Venez voir sa seconde toile, la Vierge enfant ayant la vision de la croix...
Vous paraît-elle de la même main?
Saurel examina attentivement la gracieuse figure, pensivement
agenouillée et recueillie :
— Certainement, dit-il, l’artiste qni a fait dans la même année
deux toiles aussi différentes, a de l’étoffe; pourtant, je n’ai pas de
peine à le retrouver dans les deux. Il a une façon à lui de traiter ses
tons, de manier la gamme des nuances, de comprendre l’attitude et de
calculer l'effet d’ensemble. J’y trouve même un certain maniérisme...
— Un maniérisme charmant, sans affectation, tout moderne.

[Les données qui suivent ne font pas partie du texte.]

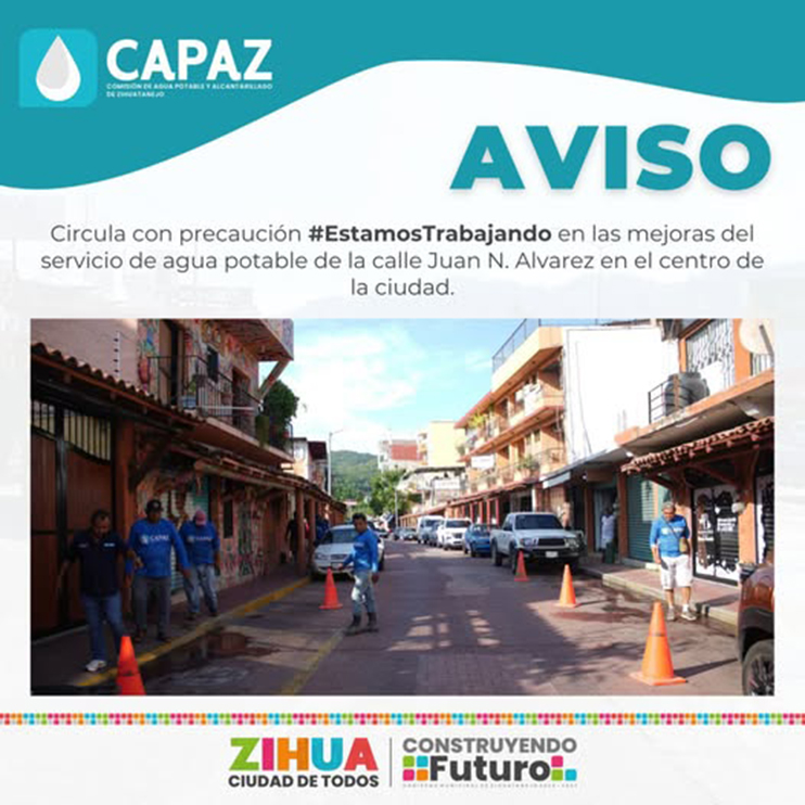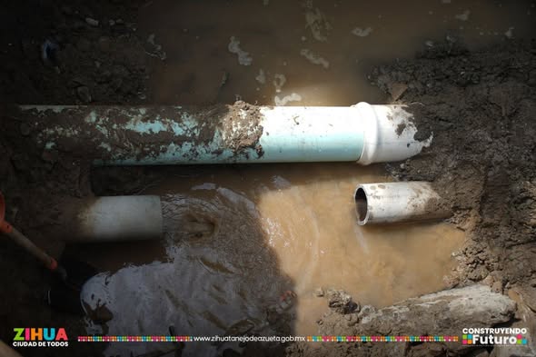 Aviso. Circula con precaución, #EstamosTrabajando en la reparación de fuga en la red de conducción de 4 pulgadas de agua potable.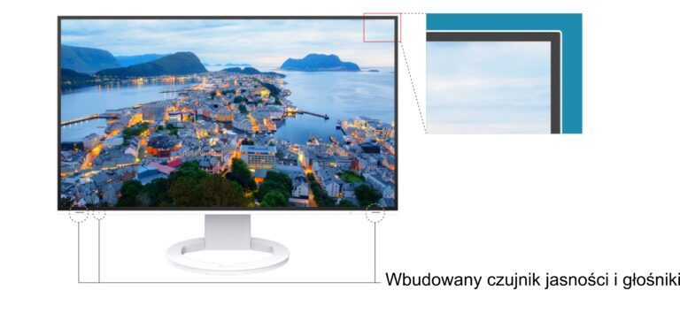 FlexScan EV2495 ma bezramkową konstrukcję – zgodną z minimalistycznym trendem. Występuje w wersji z białą obudową, sprawiając że stanowisko pracy staje się jaśniejsze i przyjemniejsze dla oka. Kable dostarczane są w kolorze odpowiadającym kolorowi obudowy.
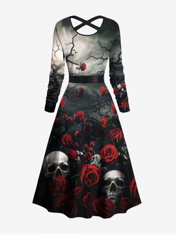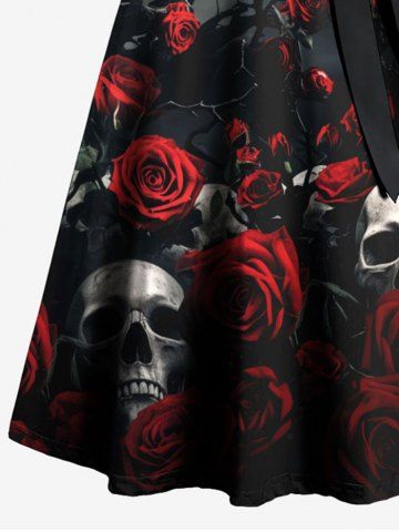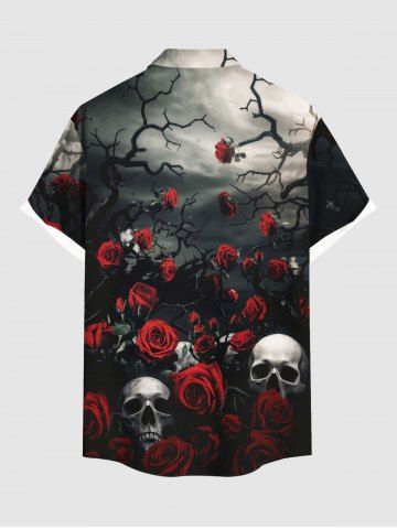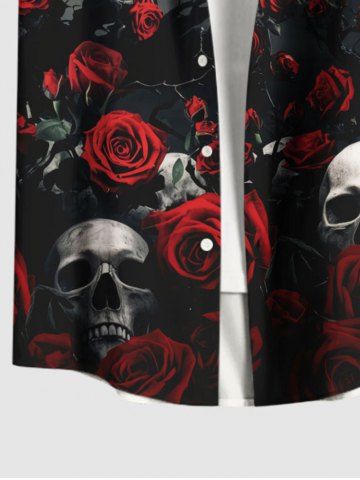 Skulls Rose Flower Ombre Print Plus Size Matching Hawaii Beach Outfit For Couples - Black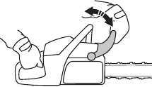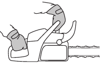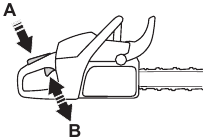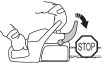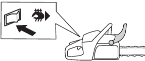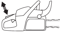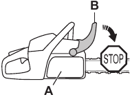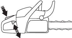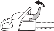![]() | Chain brake, engaged (right). Chain brake, disengaged (left). |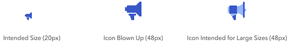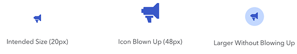 不過,若這些小圖標是你唯一能夠搞得到的素材的話,那么不妨試著將它置于另外一個帶有顏色的圖形當中:這樣的設計不僅能夠讓圖標達到預期的視覺體積,而且看起來要比單純放大,看起來細節(jié)會更多一些。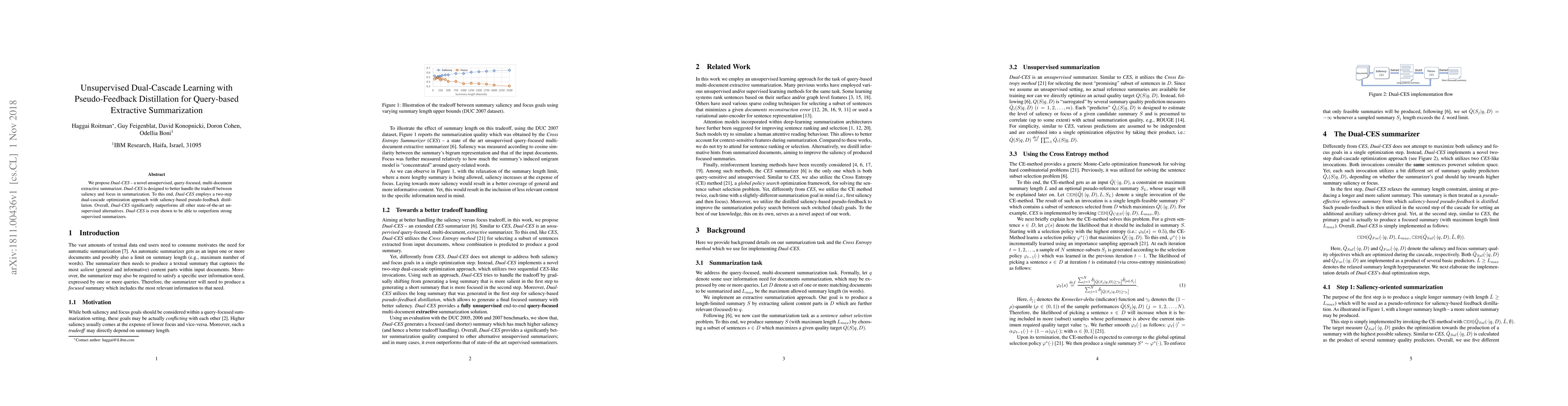 We propose Dual-CES -- a novel unsupervised, query-focused, multi-document extractive summarizer. Dual-CES is designed to better handle the tradeoff between saliency and focus in summarization. To this end, Dual-CES employs a two-step dual-cascade optimization approach with saliency-based pseudo-feedback distillation. Overall, Dual-CES significantly outperforms all other state-of-the-art unsupervised alternatives. Dual-CES is even shown to be able to outperform strong supervised summarizers.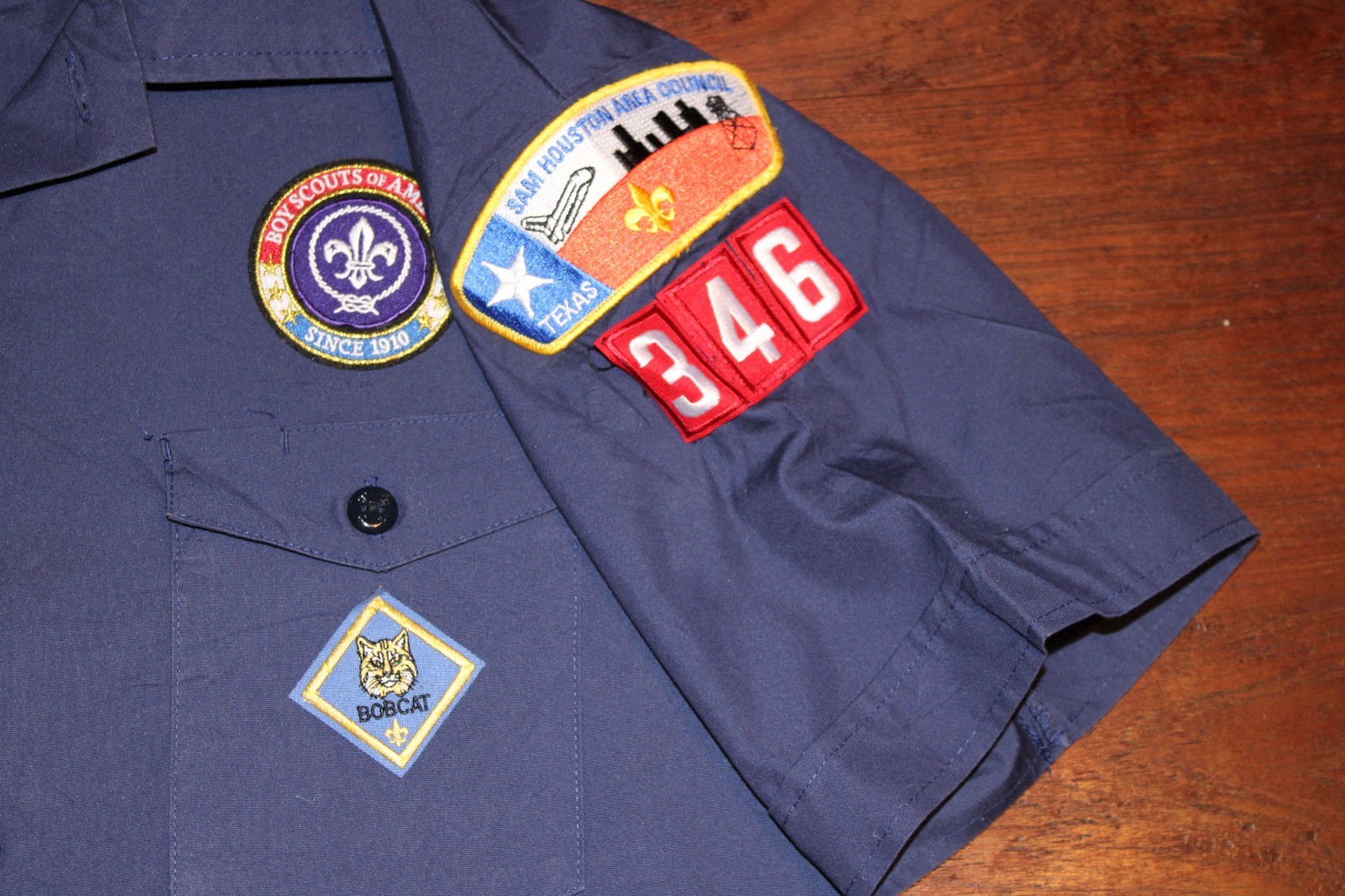 Boy Scouts of America BSA Youth Shirt Blue X-Large XL Sewn Patches Short Sleeve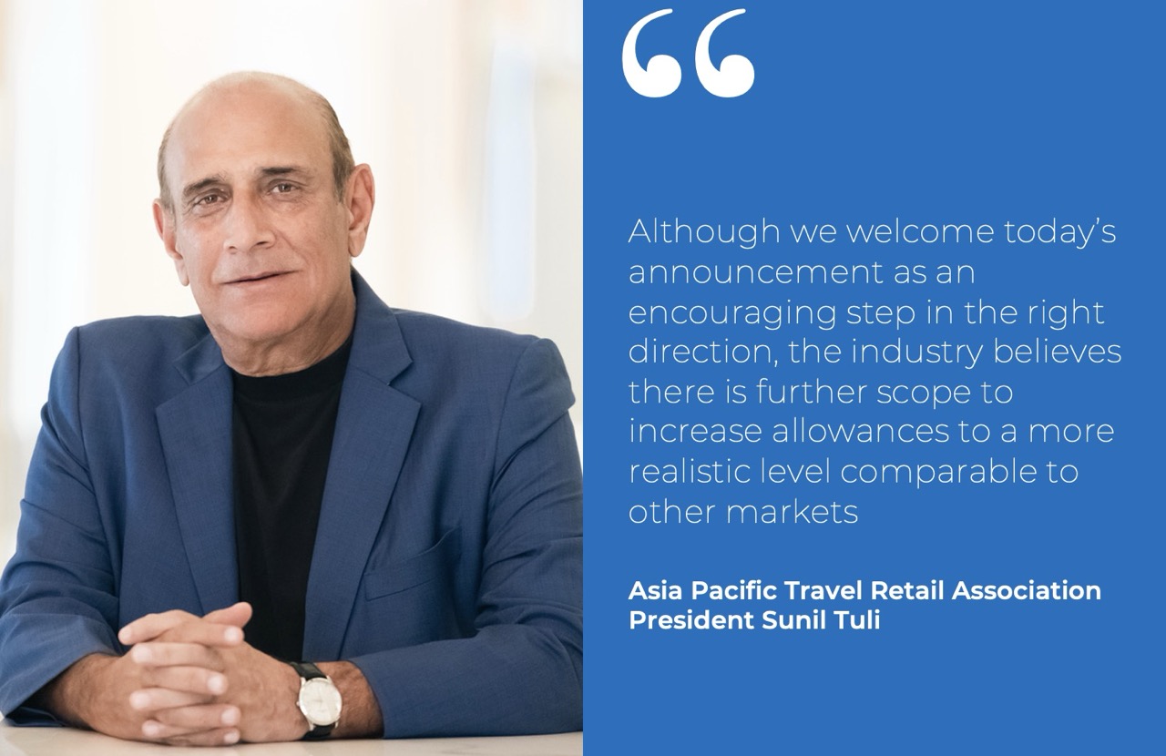 La Asociación de Comercio Minorista de Asia Pacífico (APTRA) acogió con satisfacción la noticia. “Durante varios años, los operadores libres de impuestos en la India han presentado argumentos ante el gobierno federal para que revise las asignaciones y APTRA los ha apoyado activamente en estos esfuerzos”, dijo Sunil Tuli, presidente de APTRA y director ejecutivo de King Power Group (Hong Kong).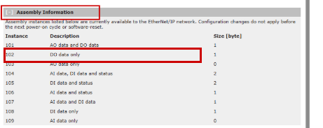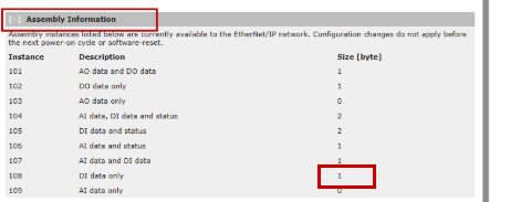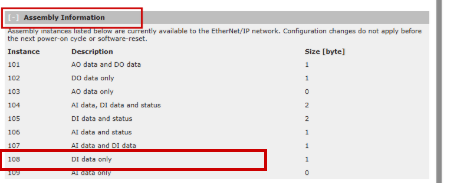Earlier, the WAGO 750-363 Web Server indicated that Instance108 contains only DI data.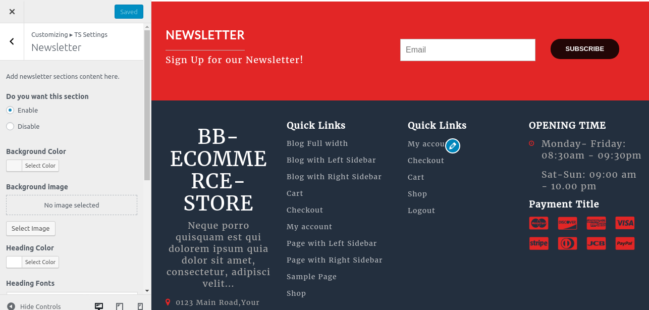 Go to Appearance >> Customize >> TS Settings>> Newsletter.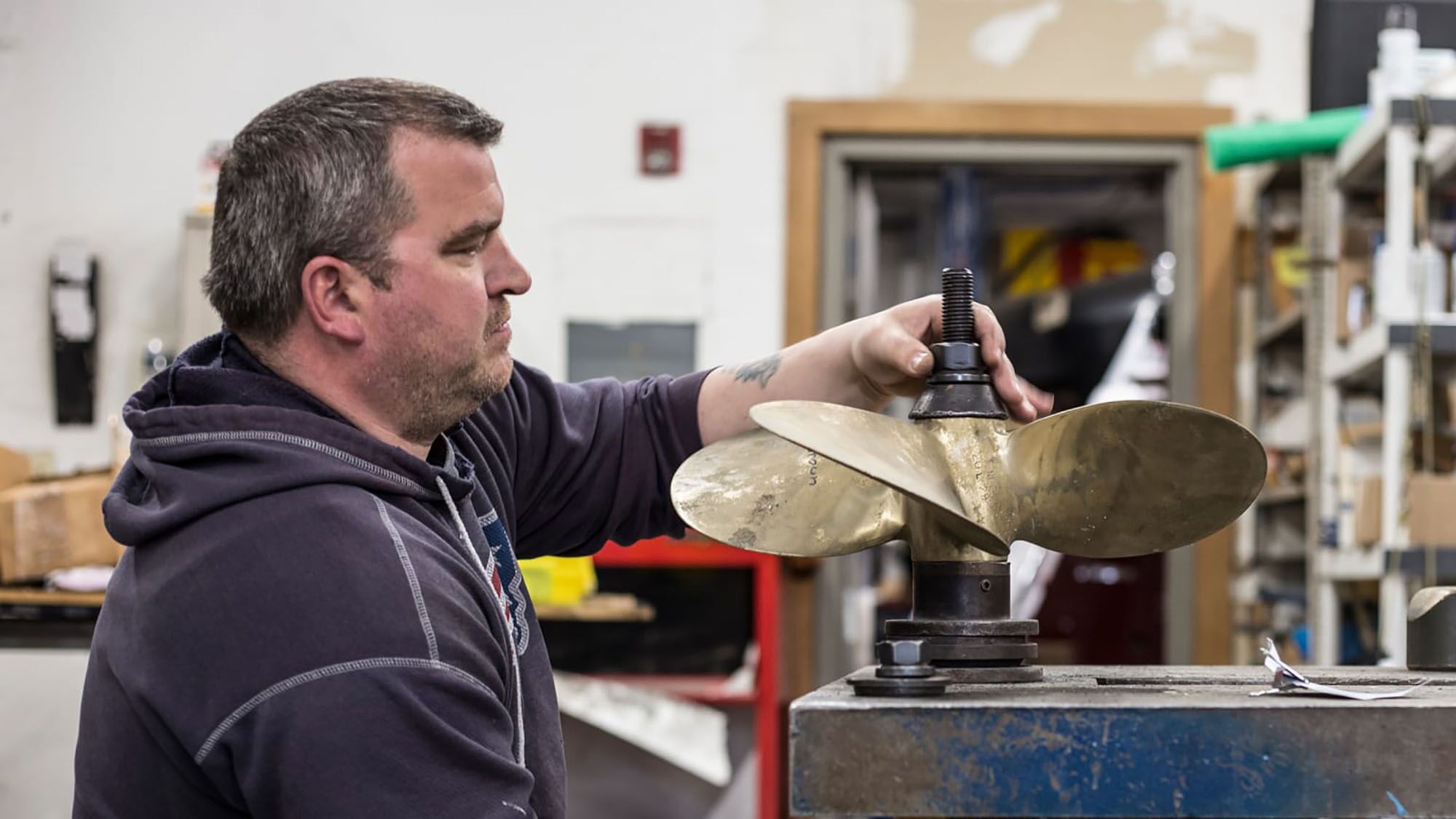 How do you know when it’s time to check your prop? Even if you haven’t hit anything and your engine is turning its full RPM, Hale suggests doing so every couple of years. If your revs are down, first make sure it’s not an engine issue; have a mechanic check things out. If all’s copacetic under the hood, it could be time to look at the prop. But before pulling the boat, make a number of trial runs, noting speed, revs, fuel burn, temperature—anything you can measure. Get as accurate a weight estimate as you can, including typical fuel and freshwater levels.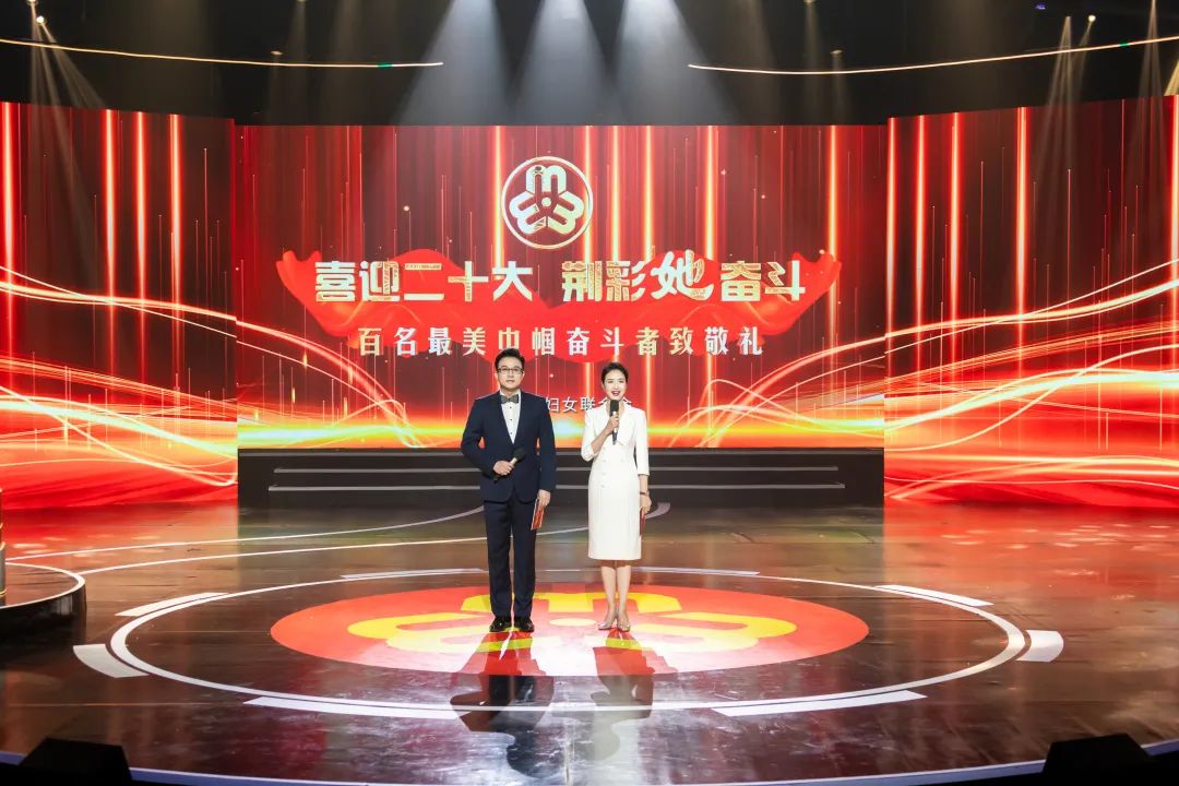 会场主屏幕格外醒目:流光溢彩的“喜迎二十大,精彩‘她’奋斗”几个大字在飘动的红彩带映衬下格外夺目,营造出激昂奋进、热烈喜庆的气氛。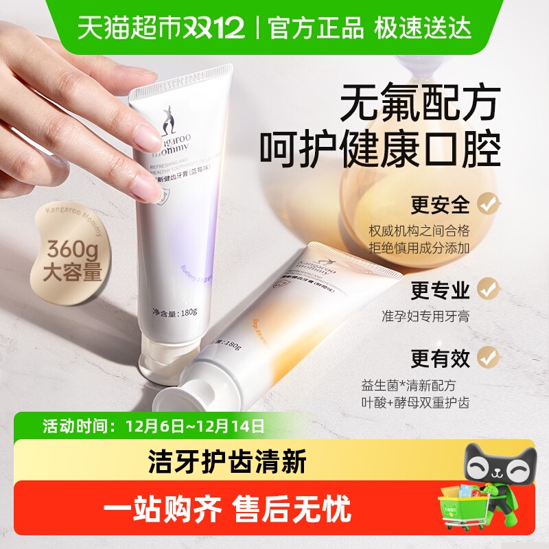 袋鼠妈妈准孕妇牙膏专用清新口气家庭无氟口腔护理套装180g大容量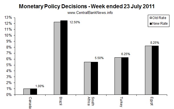 past week in monetary policy saw the Banco Central do Brasil increase its Selic rate by 25 basis points to 12.50%. Meanwhile those that held rates unchanged were: Canada at 1.00%, South Africa at 5.50%, Turkey at 6.25%, and Egypt at 8.25%. Common themes in the media releases were a pretty keen focus on the risks coming from the EU and US debt situations, and Brazil possibly signaled an end to its tightening cycle. Next week there's a few interesting monetary policy decisions due; Israel, India, New Zealand and the Philippines are among those reviewing policy settings, with India the only one expected to move, with consensus seeing another +25bps.

— C’est vrai, ce maniérisme est une qualité; mais il peut devenir
un défaut.
— Oh! je vous en prie, tenons-nous-en à ce que nous voyons, ne
nous amusons pas à escompter l’avenir des artistes. Pour ma part, je
ne veux pas gâter par des prévisions qui, je l’espère bien, ne se
réaliseront pas, le plaisir que me fait cette exquise composition. Car
je l’aime autant que l’autre. Il n’y a pas jusqu’à l’uniformité de la
couleur qui ne me ravisse. Et surtout, je me plais au sentiment par-
ticulier qu’elle dégage : c’est religieux et c’est poétique, c’est reli-
gieux... comme on peut l’être aujourd'hui, sans foi peut-être, en
dehors de la tradition orthodoxe, en dehors de l’idée habituelle
qu’on se fait des personnages sacrés, par rêverie, par dilettantisme.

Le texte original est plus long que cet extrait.